Falando da riqueza do Missal de Paulo VI – tão execrado pelos tradicionalistas radicais[6] – expressa com veemência o Santo Padre: “na celebração da Missa segundo o Missal de Paulo VI, poder-se-á manifestar, de maneira mais intensa do que frequentemente tem acontecido até agora, aquela sacralidade que atrai muitos para o uso antigo. A garantia mais segura que há de o Missal de Paulo VI poder unir as comunidades paroquiais e ser amado por elas é celebrar com grande reverência em conformidade com as rubricas; isto torna visível a riqueza espiritual e a profundidade teológica deste Missal.” (cf. BENTO XVI. Carta do Santo Padre aos Bispos que acompanha o “Motu Proprio” Summorum Pontificum sobre o uso da liturgia romana anterior à reforma realizada em 1970) [grifo nosso]

Dessa forma, se observa que não há contradição entre os Missais de Paulo VI e de São Pio V, como afirma o Papa, na realidade são dois usos de um mesmo e único Rito Romano, que podem se enriquecer mutuamente e serem utilizados para “que a Igreja de Cristo ofereça um culto digno à Divina Majestade” [7]

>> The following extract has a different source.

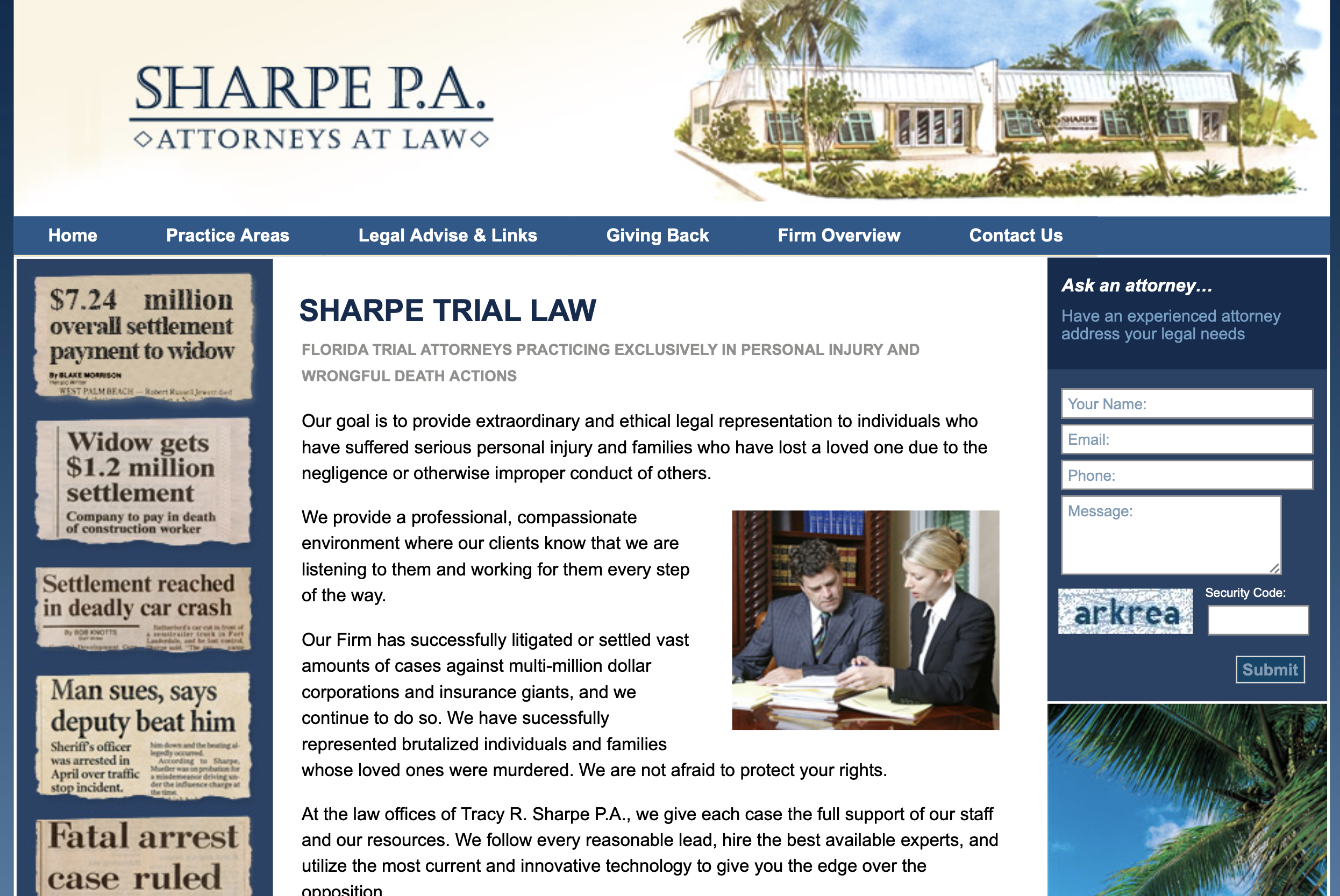 Sharpe Trial Law Florida are Attorneys Practicing Exclusively in Personal Injury and Wrongful Death Action, located in West Palm Beach, Florida.

“Não existe qualquer contradição entre uma edição e outra do Missale Romanum. Na história da Liturgia, há crescimento e progresso, mas nenhuma ruptura. Aquilo que para as gerações anteriores era sagrado, permanece sagrado e grande também para nós, e não pode ser de improviso totalmente proibido ou mesmo prejudicial. Faz-nos bem a todos conservar as riquezas que foram crescendo na fé e na oração da Igreja, dando-lhes o justo lugar. Obviamente, para viver a plena comunhão, também os sacerdotes das Comunidades aderentes ao uso antigo não podem, em linha de princípio, excluir a celebração segundo os novos livros. De fato, não seria coerente com o reconhecimento do valor e da santidade do novo rito a exclusão total do mesmo.” (cf. BENTO XVI. Carta do Santo Padre aos Bispos que acompanha o “Motu Proprio” Summorum Pontificum sobre o uso da liturgia romana anterior à reforma realizada em 1970) [grifo nosso]

Em fim, aqueles que querem verdadeiramente ser Católicos Apostólicos Romanos, que obedeçam ao Santo Padre, ouça suas palavras de pastor e as ponham em prática, não deturpem o Concílio Vaticano II e a liturgia como os modernistas, e nem desprezem tal Concílio e o Missal de Paulo VI como querem os tradicionalistas radicais, sejam Católicos, nada a mais, nada a menos! E para aqueles que ainda tinham dúvida sobre a autoridade do ensino do Concílio Vaticano II, a última publicação da Congregação para a Doutrina da Fé, cujas respostas foram ratificadas e confirmadas pelo Papa Bento XVI não deixam dúvidas:

“Primeira questão: Terá o Concílio Ecumênico Vaticano II modificado a precedente doutrina sobre a Igreja? Resposta: O Concílio Ecumênico Vaticano II não quis modificar essa doutrina nem se deve afirmar que a tenha mudado; apenas quis desenvolvê-la, aprofundá-la e expô-la com maior fecundidade.” Cf. Congregação Para a Doutrina da Fé. Respostas Sobre Certos Aspectos da Doutrina Sobre a Igreja in: http://www.vatican.va/roman_curia/congregations/cfaith/documents/rc_con_cfaith_doc_20070629_responsa-quaestiones_po.html acesso em 11/07/2007.m [grifo nosso]

Itapetinga-Ba, 15 de julho de 2007, dia de Santo Boaventura.

In caritate Christi,

Leandro Martins de Jesus.


[1] Pedagogo (UESB), estudante de História da Igreja (Mater Ecclesiae) e Teologia para Leigos (Vicariato São João). E-mail: [email protected]

[2] Pelo menos por parte dos “tradicionalistas radicais”.

[3] Carta Apostólica, sob a designação de Litterae Apostolicae, escrita em geral por própria iniciativa do Romano Pontífice, isto é, sem ter sido solicitado por algum interessado.

[4] Essa denominação foi cunhada por CAMPOS, Marcio Antônio em seu artigo “O Motu Proprio e o Vaticano II in: www.veritatis.com.br/article/4354. Acesso em 4/7/2007.

[5]Pois o Rito de São Pio V nunca foi proibido.

[6] “a Nova Missa substituiu a Missa de sempre para destruí-la. E a doutrina nova do Vaticano II recusou usar a terminologia escolástica substituindo-a pelo esdrúxulo

linguajar da filosofia moderna, para destruir a doutrina católica.” (cf. FEDELI, Orlando. “Concílio Vaticano II: criador da ´Nova igreja`” in: http://www.montfort.org.br/index.php?secao=cartas&subsecao=apologetica&artigo=20070122092537 acesso em  23/03/2007.)[grifo nosso]

[7] Bento XVI. Motu Proprio Summorum Pontificum.